Nous disions hier qu’il était erroné de penser que Louis Jouvet a chanté Et le reste avec Arletty. La confusion était possible. Elle révèle même la force mythique du couple interprété par ces deux comédiens dans l’imaginaire populaire français. Elle vient de cette scène tirée d’un autre film de Marcel Carné (réalisateur la même année du Quai des Brumes) et scénarisé cette fois-ci par Jean Aurenche (1904-1992) et Henri Jeanson (1900-1970) auquel on doit aussi les dialogues de ce film.

Faites l'expérience : dites « Atmosphère… atmosphère ! » à un Français. Il y a fort à parier qu'il vous réponde « Est-ce que j'ai une gueule d'atmosphère ? ».

carne hotel du nord
(affiche piquée ici)

 

Le film a été tourné en studio mais Alexandre Trauner, le décorateur, a su recréer le Canal Saint-Martin, un quartier de Paris jadis très populaire qui se trouve dans le 10ème arrondissement de Paris et notamment le quai de Jemmapes où se trouve toujours le véritable Hôtel du Nord.

 


Ajoutée le 19 novembre par Roman R

Transcription
On fera attention à l’accent « parigot » d’Arletty qui lui fait prononcer « maeme » au lieu de « même », « atmosphaère » au lieu d’« atmosphère ».

Raymonde – Pourquoi qu'on part pas pour Toulon ? Tu t'incrustes, tu t'incrustes. Ça finira par faire du vilain.

Monsieur Edmond – Et après ?

Raymonde – Oh, t'as pas toujours été aussi fatalitaire [sic].

Monsieur Edmond – Fataliste !

Raymonde – Si tu veux, le résultat est le même... Pourquoi que tu l’as à la caille ? On n’est pas heureux, tous les deux ?

Monsieur Edmond – Non !

Raymonde – T’en es sûr ?

Monsieur Edmond – Oui !

Raymonde – T’aimes pas notre vie ?

Monsieur Edmond – Tu l’aimes, toi, notre vie ?

Raymonde – ‘Faut bien, j’m’y suis habitué. Cocard mis à part, t'es plutôt beau mec. On s’dispute, mais au lit on s’explique et sur l’oreiller, on s’comprend. Alors ?

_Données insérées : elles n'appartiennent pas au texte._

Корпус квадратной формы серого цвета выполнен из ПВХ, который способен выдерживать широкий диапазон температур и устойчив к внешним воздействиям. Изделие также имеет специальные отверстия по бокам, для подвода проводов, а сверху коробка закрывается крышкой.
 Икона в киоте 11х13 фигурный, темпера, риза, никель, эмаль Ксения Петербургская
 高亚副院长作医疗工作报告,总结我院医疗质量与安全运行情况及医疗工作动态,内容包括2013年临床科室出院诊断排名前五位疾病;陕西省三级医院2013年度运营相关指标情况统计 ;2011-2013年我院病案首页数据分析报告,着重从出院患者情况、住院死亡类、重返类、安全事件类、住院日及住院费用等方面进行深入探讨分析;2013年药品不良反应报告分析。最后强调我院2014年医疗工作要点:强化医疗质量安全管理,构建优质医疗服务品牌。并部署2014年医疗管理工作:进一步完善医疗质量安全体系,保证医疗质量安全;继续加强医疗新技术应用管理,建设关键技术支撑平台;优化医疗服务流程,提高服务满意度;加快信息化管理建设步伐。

Monsieur Edmond – Alors : rien. J’en ai assez, tu saisis ? Je m’asphyxie. Tu saisis ? Je m’asphyxie.

Raymonde – À Toulon, y a d’l’air, puisqu’y a la mer ! Tu respireras mieux.

Monsieur Edmond – Partout où on ira ça sentira le pourri.

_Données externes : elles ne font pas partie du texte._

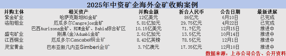 当进入商品价格上涨周期时,行业的整体交投活跃度便会迅速提升。 12月22日,国际金价续创历史新高。截至发稿前,伦敦金现货已经超越今年10月高点,最高价达到4420美元/盎司,年内涨幅进一步扩大至68%左右。 今年不断创出新高的金价,也吸引了更多的企业加大投资,仅今年12月便已经有江西铜业(600362.SH)、灵宝黄金(3330.HK)和洛阳钼业(603933.SH) 三家中资企业宣布收购海外黄金矿山等资产。 | | | 2025年中资矿企海外金矿收购案例 | | | | | --- | --- | --- | --- | --- | --- | | 并购主体 | 相关资产 | 并购金额 | 折合人民币 | 公告日期 | 最新进展 | | 紫金矿业 | 哈萨克斯坦RG全矿 | 12亿美元 | 86亿元 | 6月10日 | 己完成 | | 洛阳铝业 | 厄瓜多尔Cangrejos金矿 | 5.81亿加元 | 29.75亿元 | 4月22日 | 己完成 | | | 巴西Aurizona金矿、RDM金矿、Bahia综合矿区 | 10.15亿美元 | 71.7亿元 | 12月15日 | 推进中 | | 感电矿业 | ...

Raymonde – Allons à l'étranger, aux colonies.

Monsieur Edmond – Avec toi ?

Raymonde – C't'idée !

Monsieur Edmond – Alors ce sera partout pareil. J'ai besoin de changer d'atmosphère, et mon atmosphère, c'est toi...

Raymonde – C'est la première fois qu'on me traite d'atmosphère ! Si j'suis une atmosphère, t'es un drôle de bled ! Oh là là… les types qui sont du milieu sans en être et qui cognent à cause de ce qu'ils ont été, on devrait les vider. Atmosphère… atmosphère ! Est-ce que j'ai une gueule d'atmosphère ? Puisque c'est ça vas-y tout seul à La Varenne… Bonne pêche et bonne atmosphère !

Il est à noter que ces deux films sont les adaptations de romans populistes (dans le bon sens du terme). L’Hôtel du Nord a été écrit par Eugène Dabit (1898-1936) et Le Quai des Brumes a été écrit par Pierre Mac Orlan (1882-1970).